Каждый раз по какой-то причине ее отношения с очередным покровителем, видимо, разваливались. Когда она устроила сына пансионером в городской коллеж, Франк уже все понимал и упросил ее больше не приезжать к нему, хотя она неизменно привозила с собой кучу подарков.

— Но почему?

— Потому.

— Ребята что-нибудь тебе сказали?

— Нет.

Лотта хотела выучить его на врача или адвоката. Это была ее мечта.

К счастью, грянула война, и школы на несколько месяцев закрылись. А когда открылись снова, ему уже исполнилось пятнадцать.

— В коллеж не вернусь, — объявил он.

— Почему, Франк?

— Потому.

Ему не удалось узнать, не напоминает ли он Лотте кого-нибудь, но еще в детстве Франк заметил: стоит ему состроить определенную мину, как мать перестает настаивать, теряется и уступает.

Она называет этот его прием «делать закрытое лицо».

Затем жизнь у всех настолько усложнилась, что Лотте стало не до образования сына. В оборот вошла фраза:

— Потом, когда это кончится.

А это все продолжается. И он уже мужчина. Не так давно в перепалке, где, в отличие от матери, он остался совершенно спокоен, Франк, прищурясь, холодно бросил Лотте:

— Шлюха!

Теперь так же невозмутимо он командует Адлеру:

— Стоп!

Они почти у площади. Направо улочка, где машину никто не заметит. К тому же на улицах ни души. Свет из окон пробивается редко — жители плотно затворили ставни, и признаки жизни еле угадываются в темноте. В окнах школы, в тех пяти окнах, которые он столько раз бил из рогатки, тоже ни огонька.

— Идете? — спрашивает он парня, сидящего сзади.

Тот с простецкой сердечностью отзывается:

— Зови меня Стан.

И, похлопав себя по карманам, добавляет:

— Твой приятель велел ничего с собой не брать. Я не ошибся?

У Франка при себе пистолет — этого хватит. Адлер будет ждать их в машине.

— Подождете? — спрашивает Франк, заглядывая водителю в лицо.

— А для чего я здесь? — высокомерно и чуть брезгливо парирует тот.

Снег под ногами скрипит сильнее, чем в городе. За домами виднеются садики, елки, живые изгороди, ощетиненные сосульками. Дом Вильмоша на площади справа, немного в глубину.

Света не заметно, но ведь жилые комнаты выходят на задворки.

— Не вмешивайся — я все сделаю сам.

— Ладно.

— Возможно, придется их припугнуть.

— Не впервой.

— А может, и поприжать.

— О чем речь!

Франк не был здесь уже долгие годы, но его ноги наверняка ступают по былым следам. Часовщик Вильмош, его часы и замечательный сад — самое, пожалуй, живое воспоминание его детства.

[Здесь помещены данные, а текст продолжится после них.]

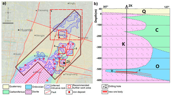 According to previous studies, the JC was formed by magma intruding from the north-east to south-west along with the fracture structures, with the intrusion becoming progressively shallower in depth [34]. Figure 10a shows the inferred distribution (blue dots area) of the rocks based on the newly measured HRAM data. The contact zones between the JC and the surrounding strata control the morphology of the iron ore bodies and indicate favourable locations for mineralisation. Therefore, we recommend several deep prospective areas in the outer edge of the inferred NJC internal minor rock bodies (zones 1–3 in Figure 10a) and the inferred deep intrusive rock zone in the northern part of the study area (zones 4–5 in Figure 10a). Deep exploration is suggested for implementation in zones 1–3 as a priority, as they are located within the JIOC. Zones 4–5 are the inferred concealed rocks areas that have not been previously investigated, therefore it is recommended that prospecting should first be carried out in Zone 4 and then enlarged to Zone 5 after some progress has been made.

Он еще не добрался до двери, а, кажется, уже узнал запах дома, который всю жизнь был для него домом стариков: часовщик Вильмош с сестрой всегда казались мальчику старыми.

Франк вытаскивает из кармана темный фуляр и обвязывает им лицо до самых глаз. Стан порывается что-то сказать.

— Ты — другое дело: тебя тут не знают. Но если настаиваешь…

И Франк протягивает спутнику второй шейный платок: он все предусмотрел.

Он до сих пор помнит пирожные барышни Вильмош — таких он больше нигде не едал. Сладкие, пышные, с узорами из розовой и голубой глазури. Она держала их в цветной коробке, на которой были изображены приключения Робинзона Крузо.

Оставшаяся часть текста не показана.